Fiscal prudence has always been a key agenda of the budget announcement speeches that happen every year. During the recent annual budget, government had laid out a deficit target of 4.6% (as a percentage of GDP) for the current fiscal. However, finance minister Pranab Mukherjee, recently voiced his opinion that it would be difficult to meet the envisioned target for the year. While revenue is suffering due to falling tax receipts, the expenditure has been on a steady rise due to increasing investments in infrastructure.
Fall in tax revenue due to slowing economic growth and redemption from the state run deposit plans will force the government to increase market borrowings. It may be noted that savings in state run deposit plans are used to fund public expenditure. And withdrawal of these savings typically results in liquidity crunch. As a result, the government is planning to sell more debt to raise money. However, increase in market borrowings can threaten the nation's debt rating and may also crowd out private investments. Hence, the government has to be really vigilant here.
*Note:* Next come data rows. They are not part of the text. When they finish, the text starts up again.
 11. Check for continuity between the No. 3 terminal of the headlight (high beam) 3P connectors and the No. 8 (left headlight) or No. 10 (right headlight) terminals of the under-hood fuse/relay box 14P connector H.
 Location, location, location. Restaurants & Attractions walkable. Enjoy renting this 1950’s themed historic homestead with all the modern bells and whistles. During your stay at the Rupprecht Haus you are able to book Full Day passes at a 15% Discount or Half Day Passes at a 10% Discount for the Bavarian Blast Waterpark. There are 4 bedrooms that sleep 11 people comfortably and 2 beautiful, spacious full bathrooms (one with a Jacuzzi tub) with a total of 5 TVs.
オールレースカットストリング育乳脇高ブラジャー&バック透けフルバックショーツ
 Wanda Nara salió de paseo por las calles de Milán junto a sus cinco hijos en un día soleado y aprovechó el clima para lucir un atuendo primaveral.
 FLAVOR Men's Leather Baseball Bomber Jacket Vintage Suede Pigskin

As far as the widening deficit issue is concerned, we believe that subsidies doled out by the government have been a prime culprit here. Priority sectors like oil and fertilizers are given huge subsidies which effectively creates a hole in the pockets of the government. However, the ministry is taking calibrated steps to deregulate these sectors. But considering the vote bank politics involved here, we believe it would take long before we see free market pricing in these subsidized sectors. And once that concludes, it would become comparatively easier for the government to manage its deficit targets.
Apart from eliminating subsidies, increasing tax rates is another tool at the government's disposal. However, increasing tax rates at a time when the common man is reeling under the pressure of inflation would not be a populist measure. Cutting expenditure is another area which can be explored. However, considering that our expenditure is predominantly on public goods like infrastructure, unlike on social security measures as in the west, the area for reduction is miniscule.
Thus, we believe that there is very little room for improvement on both revenue and expenditure front as far as government finances is concerned. Unless we gain consensus in bringing an end to the subsidy era, the fiscal woes will continue to linger.